WHAT YOU SHOULD DO: What is wanted is the full listing, word for word, without its pictures.

SOURCE DATA:
-------------------------

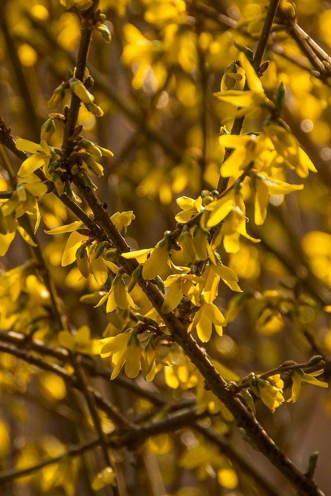 Un forsythia dans le jardin avec des fleurs jaune d'or
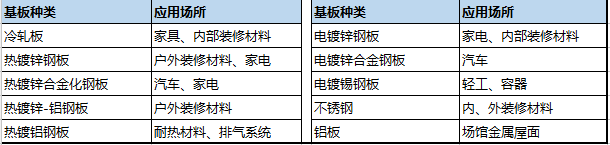 彩基板,即彩涂鋼板用基板,包括冷軋板、熱鍍鋅鋼板、熱鍍鋁鋅鋼板、熱鍍鋁鋼板、電鍍鋅鋼板以及鋁板和不銹鋼板,通常情況,根據涂層鋼板所用場所決定采用的基板種類,一般情況,在腐蝕性較弱的室內環境,采用腐蝕性稍差或一般的冷軋鋼板、電鍍鋅鋼板,而在腐蝕性較強的室外環境,采用較耐蝕的熱鍍鋅或其合金化鋼板作為基板。
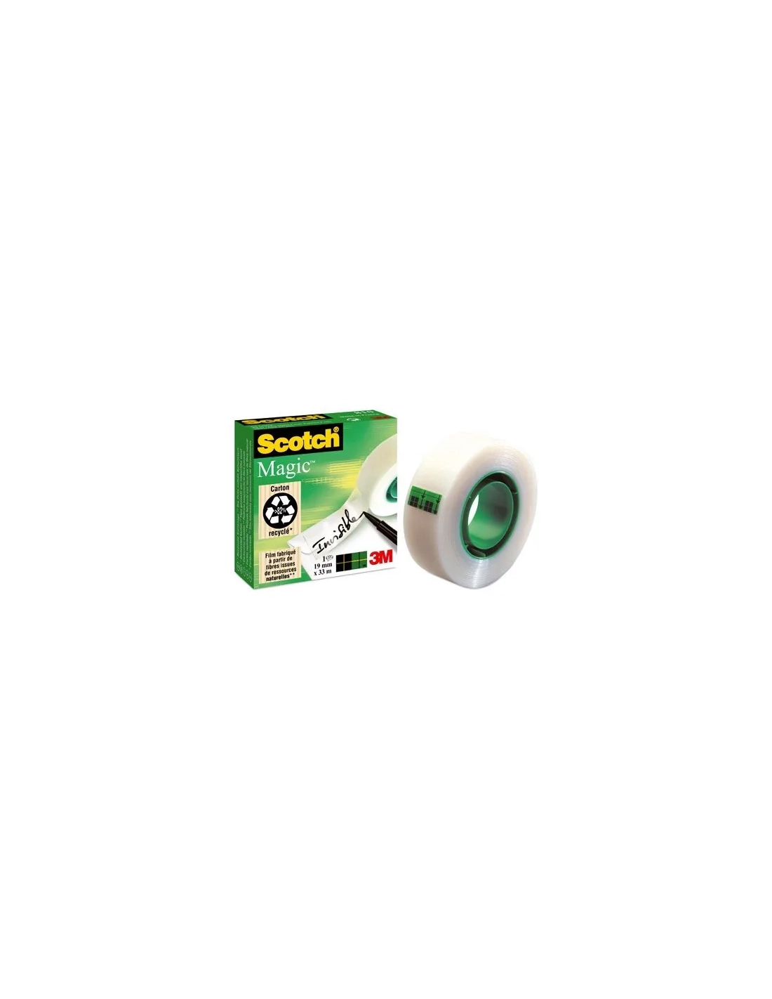 Cinta adhesiva Scotch® Magic invisible. Dimensiones: 19 mm x 33 m. Para reparar documentos, unir páginas, maquetar documentos para fotocopiar…... Invisible tras su aplicación incluso al fotocopiar. No amarillea, no se despega y no transfiere el adhesivo con el paso del tiempo. Excelente envejecimiento. Fácil de desenrollar, cortar y manejar. Se puede escribir sobre ella. Película fabricada con recursos de fibra natural.Cinta adhesiva Scotch® Magic invisible. Dimensiones: 19 mm x 33 m. Para reparar documentos, unir páginas, maquetar documentos para fotocopiar…... Invisible tras su aplicación incluso al fotocopiar

-------------------------

WORKED SOLUTION:
 Un forsythia dans le jardin avec des fleurs jaune d'or
 彩基板,即彩涂鋼板用基板,包括冷軋板、熱鍍鋅鋼板、熱鍍鋁鋅鋼板、熱鍍鋁鋼板、電鍍鋅鋼板以及鋁板和不銹鋼板,通常情況,根據涂層鋼板所用場所決定采用的基板種類,一般情況,在腐蝕性較弱的室內環境,采用腐蝕性稍差或一般的冷軋鋼板、電鍍鋅鋼板,而在腐蝕性較強的室外環境,采用較耐蝕的熱鍍鋅或其合金化鋼板作為基板。
 Cinta adhesiva Scotch® Magic invisible. Dimensiones: 19 mm x 33 m. Para reparar documentos, unir páginas, maquetar documentos para fotocopiar…... Invisible tras su aplicación incluso al fotocopiar. No amarillea, no se despega y no transfiere el adhesivo con el paso del tiempo. Excelente envejecimiento. Fácil de desenrollar, cortar y manejar. Se puede escribir sobre ella. Película fabricada con recursos de fibra natural.Cinta adhesiva Scotch® Magic invisible. Dimensiones: 19 mm x 33 m. Para reparar documentos, unir páginas, maquetar documentos para fotocopiar…... Invisible tras su aplicación incluso al fotocopiar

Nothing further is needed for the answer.